Directions for this task ▸ Once the line holding "Krótko potem odbyła" is written out, stop; begin at the first line of the material below and retype exactly, dropping pictures.

(Beginning of Data extracts)

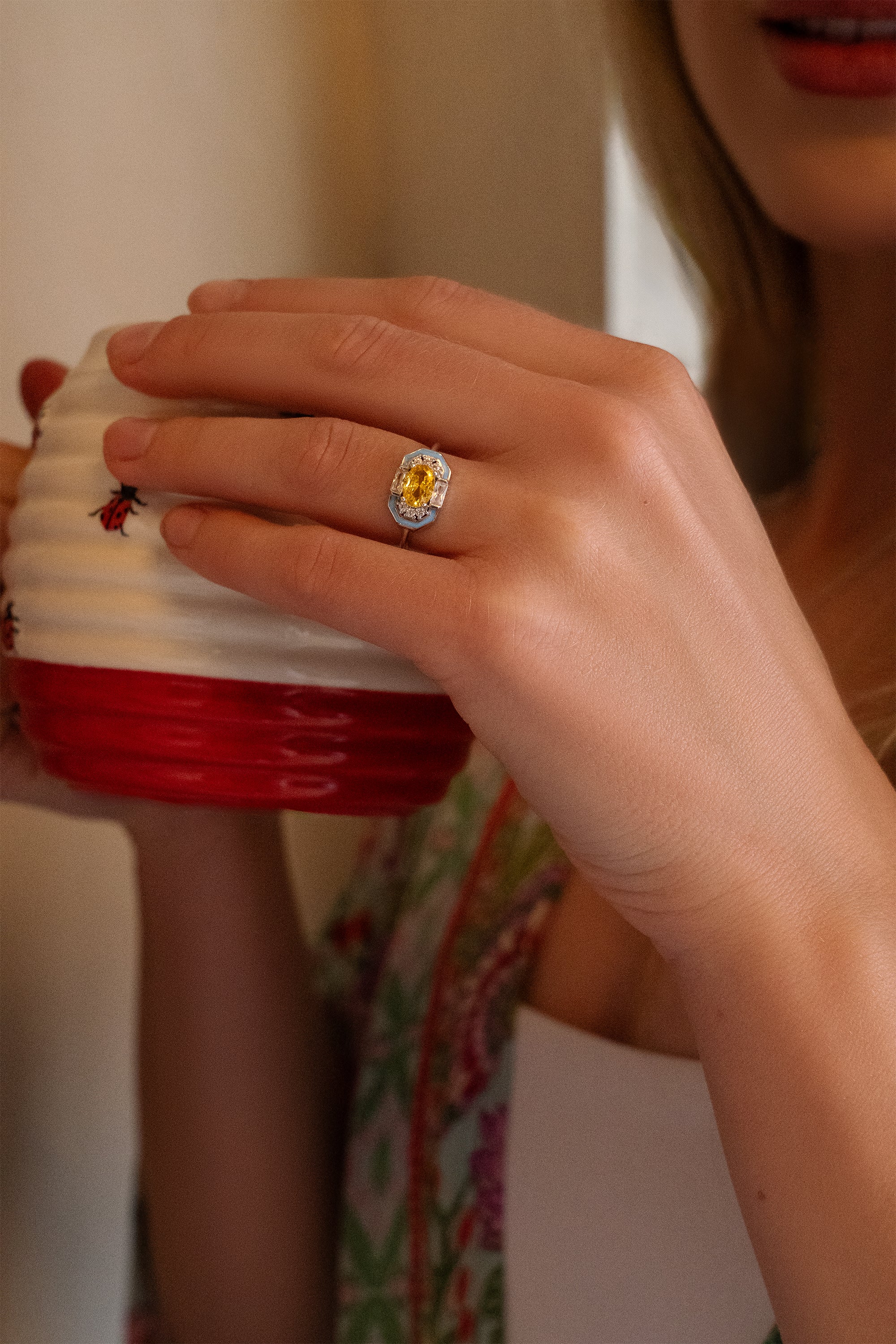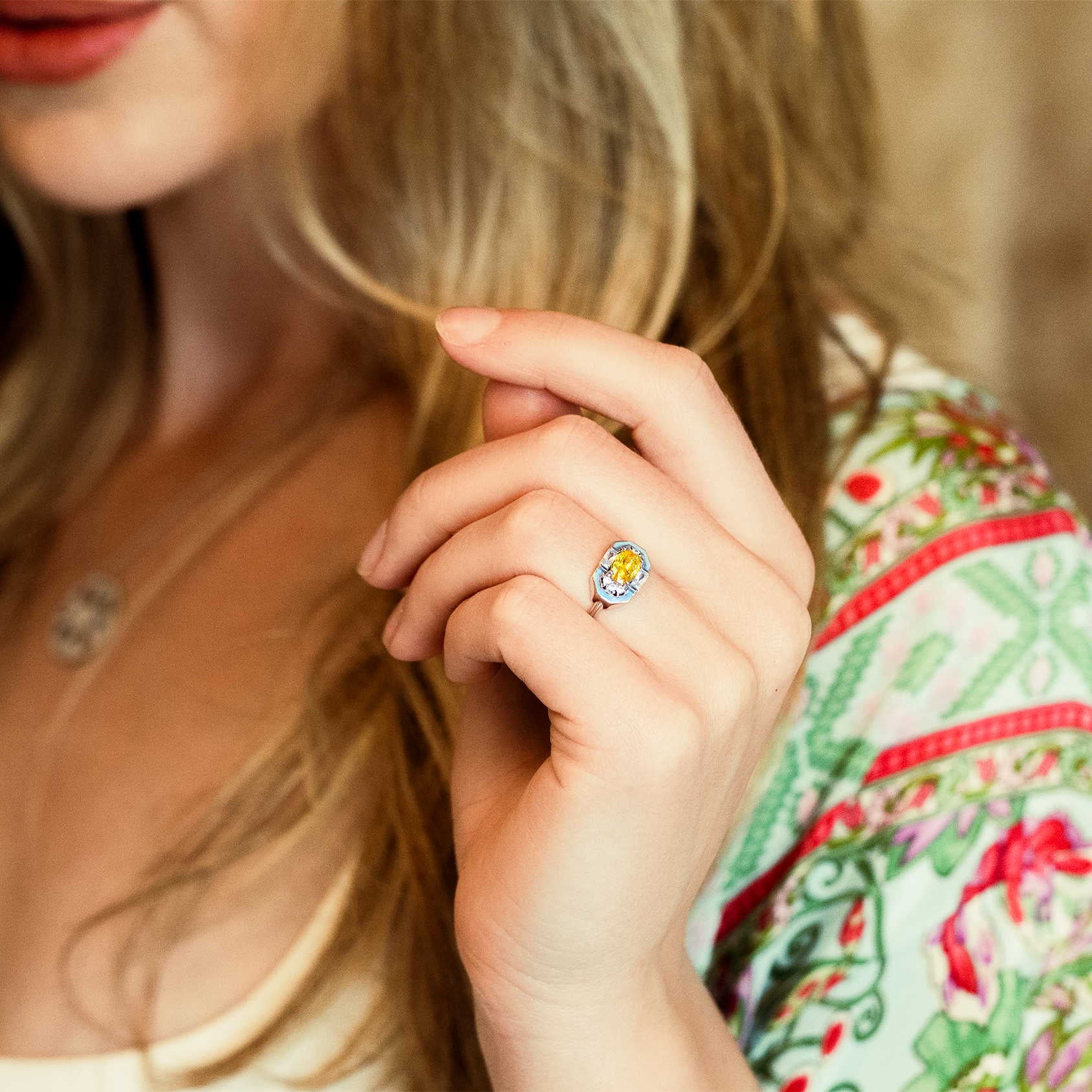 Imagine the warmth of the sun captured in a sparkling embrace, its glow mirrored in the vibrant hues of the natural world. This isn't just a fleeting moment of daylight, it's the soul of the Lena Citrine Ring. Crafted for the woman who is a beacon of light and joy, this piece is a testament to her undeniable radiance and vitality.
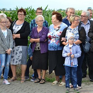 Krótko potem odbyła się msza święta. Nabożeństwo odprawił proboszcz czeszewskiej parafii ks. Mirosław Stawicki. Tuż po zakończeniu mszy świętej mocno rozpadał się deszcz. Mieszkańcy nie rozeszli się jednak do domów. I jak się okazało słusznie, bo po kilkunastu minutach przestało padać. Przybyli mogli spróbować zupy gulaszowej i wielkiego tortu. A ten był nie byle jaki, bo bardzo duży. Palce lizać! Pyszności starczyło dla wszystkich. Tort upiekła miejscowa ciastkarnia Sara.
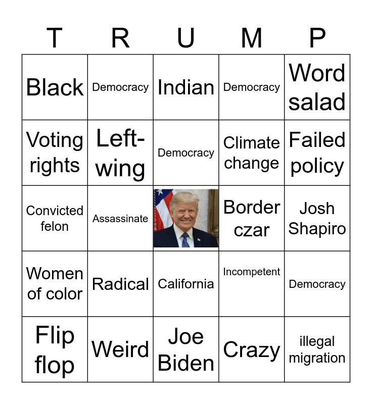 This bingo card has a free space and 29 words: Flip flop, Fake news, Assassinate, God, Black, Indian, Left-wing, Radical, Border czar, Weird, Josh Shapiro, illegal migration, Joe Biden, Crazy, Failed policy, J.D. Vance, California, Women of color, Word salad, Convicted felon, Incompetent, Taxes, Climate change, Voting rights, Democracy, Democracy, Democracy, Democracy and Democracy.
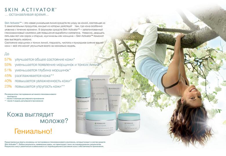 Технология глюкозамина была применена Гербалайф при разработке революционной линии средств для ухода за кожей Skin Activator™.Средства этой линии стали хитом продаж в разных странах. Почему? Потому что технология глюкозамина действует мощно и, вместе с тем, нежно, не давая побочных эффектов, в отличие от других модных косметических технологий. Тысячи женщин и мужчин (ведь старение кожи - это процесс, который беспокоит не только женщин) уже оценили действие этих кремов, которые невозможно не заметить.Skin Activator-косметика для омоложения и сохранения кожи.Начиная с 25 лет, выработка природного коллагена уменьшается примерно на 1,5% в год, вследствие чего кожа теряет эластичность, появляются морщины и другие признаки старения. Средства Skin Activator™ содержат уникальный запатентованный глюкозаминовый комплекс, способствующий выработке коллагена. Пять компонентов, чтобы выглядеть на 10 лет моложе. Для любого типа кожи. Для мужчин и женщин от 25 и старше.
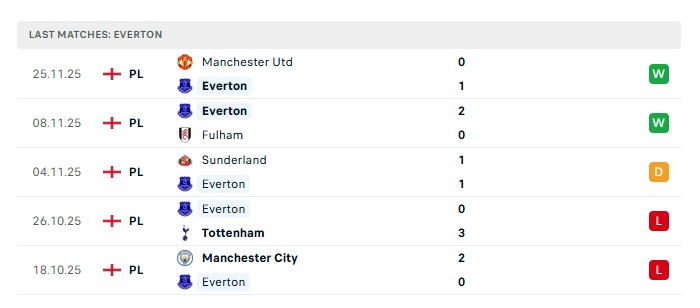 - Phong độ gần đây Everton
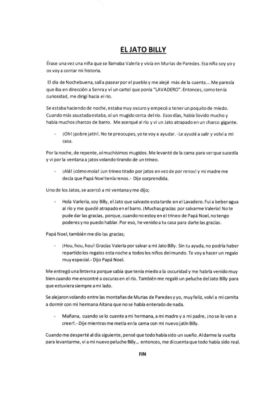 En la categoría infantil, el premio ha recaído en el cuento “EL JATO BILLY” de la niña VALERIA SILVÁN RODRÍGUEZ .
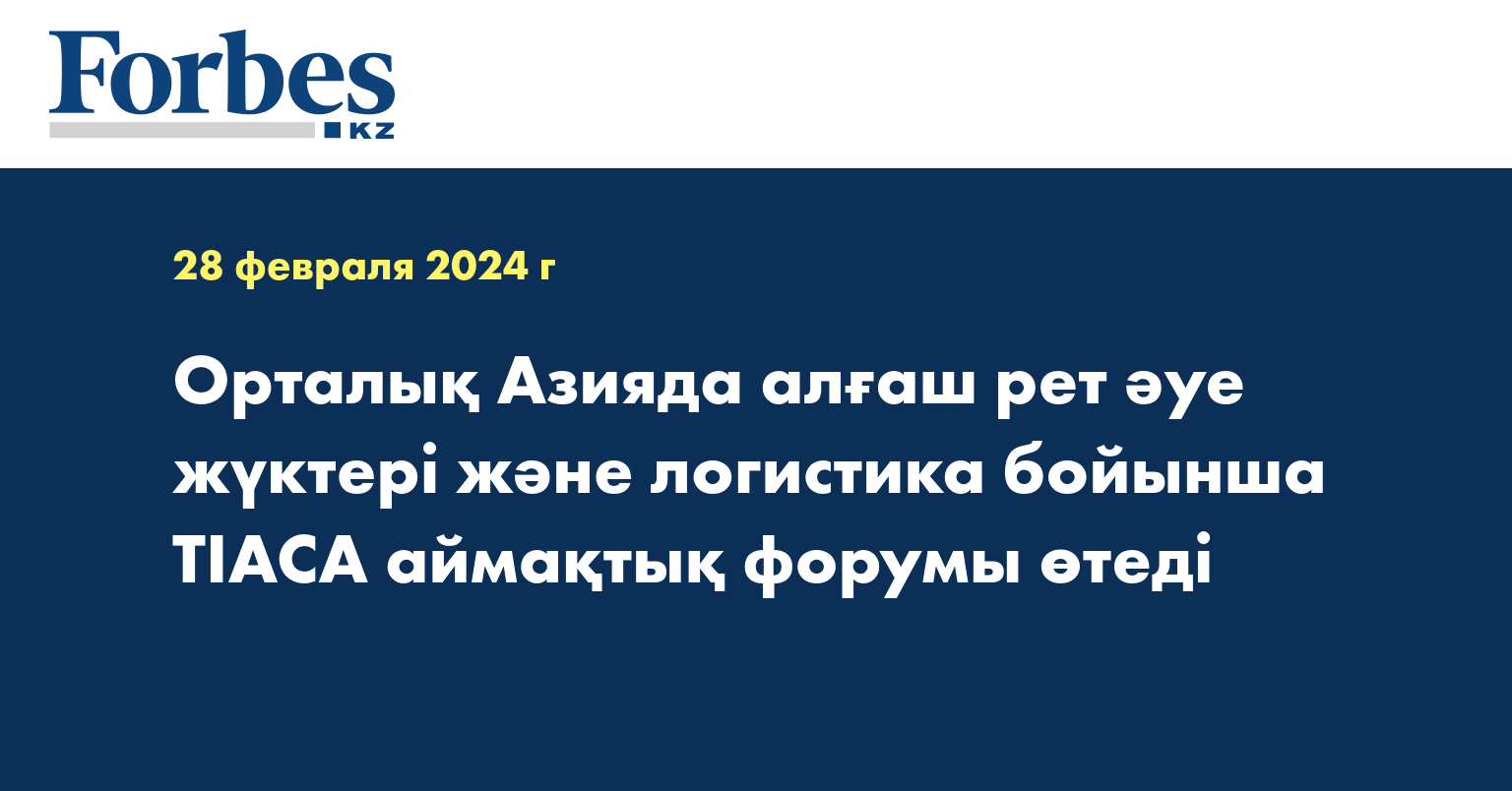 2024 жылғы 19-21 маусым аралығында Қазақстан Республикасында алғаш рет әуе жүктері және логистика бойынша аймақтық форум өтеді, ол Қазақстан Республикасы Көлік министрлігі мен Азаматтық авиация комитетінің, Халықаралық жүк әуе тасымалдары қауымдастығының (TIACA) қолдауымен өтеді. Іс-шараны Қазақстанның авиациялық әкімшілігі бірлесіп ұйымдастырады.

(End of Data extracts)

Completed exercise ▸
 Imagine the warmth of the sun captured in a sparkling embrace, its glow mirrored in the vibrant hues of the natural world. This isn't just a fleeting moment of daylight, it's the soul of the Lena Citrine Ring. Crafted for the woman who is a beacon of light and joy, this piece is a testament to her undeniable radiance and vitality.
 Krótko potem odbyła się msza święta. Nabożeństwo odprawił proboszcz czeszewskiej parafii ks. Mirosław Stawicki. Tuż po zakończeniu mszy świętej mocno rozpadał się deszcz. Mieszkańcy nie rozeszli się jednak do domów. I jak się okazało słusznie, bo po kilkunastu minutach przestało padać. Przybyli mogli spróbować zupy gulaszowej i wielkiego tortu. A ten był nie byle jaki, bo bardzo duży. Palce lizać! Pyszności starczyło dla wszystkich. Tort upiekła miejscowa ciastkarnia Sara.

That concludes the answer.